ACT is a progressive and militant national democratic union of teachers, academics and other education workers in the Philippines established on 26 June 1982. As the the largest teachers’ union in the country campaigning for economic and political rights of teachers, it serves as the official collective bargaining unit of educators and other academic professionals in the Philippines.

“DepEd’s profiling operations against ACT and their members are highly alarming and a clear violation of their basic rights. The disclosure and processing of their personal information and sensitive personal information without their consent is a direct attack on their privacy and security,” ACT Teachers Partylist Representative France Castro said.

Last 23 June, the Makabayan bloc (a group of progressive lawmakers in the Philippine House of Representatives) has filed House Resolution 1095 condemning the said profiling operations and stressed how the DepEd’s disclosure and processing of personal information of ACT members is in clear violation of the 1987 Constitution and Republic Act 10173 or the Data Privacy Act.

According to Castro, the profiling is “a clear attempt to silence their voices and intimidate them from exercising their right to peaceful assembly and free speech.”

Castro issued the statement in response to the DepEd’s recent memorandum issued 14 June directing all DepEd regional directors and schools’ division superintendents to submit a list of ACT-affiliated teachers under their respective jurisdictions. According to the memorandum, the consolidated list must be submitted to DepEd on or before 21 June.
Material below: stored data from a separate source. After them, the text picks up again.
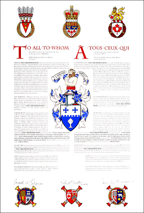 Additional InformationCreator(s)Original concept of Richard Carruthers, assisted by the heralds of the Canadian Heraldic Authority. PainterDebra MacGarvie CalligrapherNot applicable Recipient TypeIndividual |
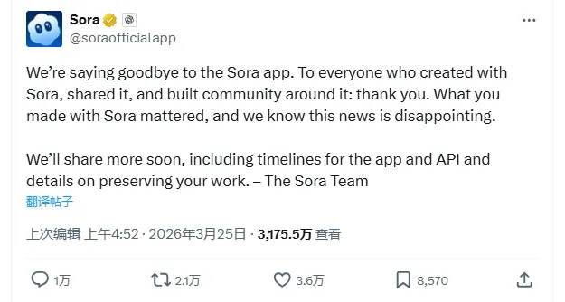 今天,OpenAI宣布关闭Sora App,这个曾经爆火的视频生成App落幕了。Sora在社交平台X发帖:我们正在向 Sora app说再见。感谢所有使用 Sora 创作、分享并围绕它建立社区的人:谢谢你们。你们用 Sora 创作的内容非常重要,我们知道这个消息令人失望。我们很快会分享更多信息,包括app和 API 的时间表以及如何保留你们作品的详细信息。– Sora 团队OpenAI于2025年10月1日发布Sora 2模型,并同步发布Sora App。当时,Sora被认为是AI版抖音。Sora App发布初期用户爆发式增长,但随后留存率下跌。视频生成模型需要大量的算力,视频生成类产品在无法盈利的情况下很难持续生存下去,这或许是OpenAI关闭Sora的原因之一。此外,大模型竞争激烈,Anthropic和Google以及中国开源大模型都给OpenAI造成了压力,OpenAI需要将资源聚焦在核心赛道上,以避免被超越。<- 完 ->
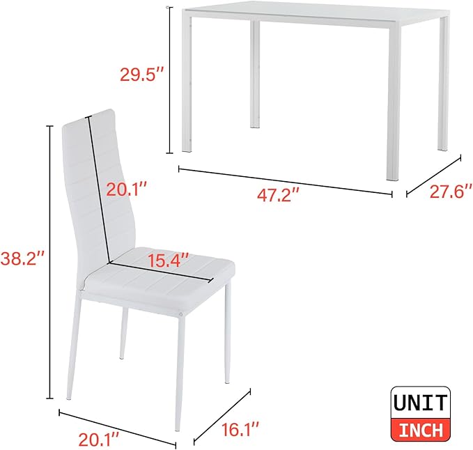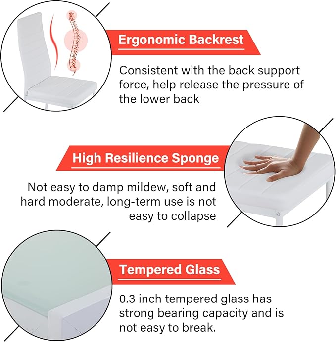 PayLessHere Dining Table Set Glass for Small Spaces Kitchen Table and Chairs for 4 Table with Chairs Home Furniture Rectangular Modern, White Glass
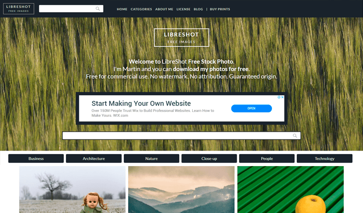 Libreshot é outro buscador de imagens de stock gratuitas. Sua livraria contém centos de fotos de alta qualidade para uso comercial ou pessoal, todas se encontram sob licença CC0 1.0 Universal, o que quer dizer que a pessoa que criou o trabalho o cedeu ao domínio público com todos seus direitos sobre ele em qualquer parte do mundo.
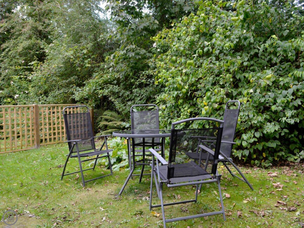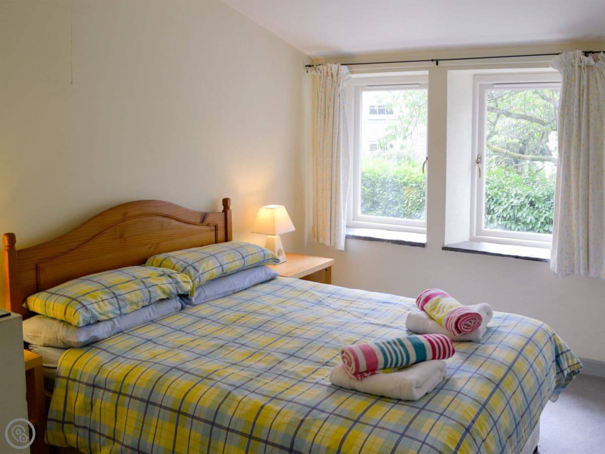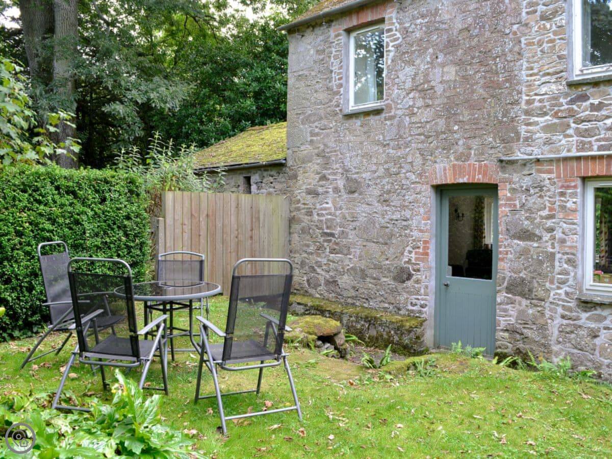 It sleeps four, in two bedrooms. One bathroom. It's a 3 Star place, so it's clean and comfortable without any frills. You can bring one dog. There's a patio and garden area that's just for this cottage.

“The ACT Philippines received three reports of profiling, one from Bohol and two from Region 10 (Northern Mindanao region). ACT vehemently condemns this profiling operations of the DepEd and appeals to nullify all existing directives,” said ACT Philippines in a statement.

Castro further criticized the Marcos II administration, particularly Vice President and DepEd Secretary Sara Duterte alongside the National Task Force to End Local Communist Armed Conflict (NTF-Elcac) to end the supposed profiling of unions and activists as well as red tagging. Duterte is also the co-vice chairperson of the NTF-Elcac.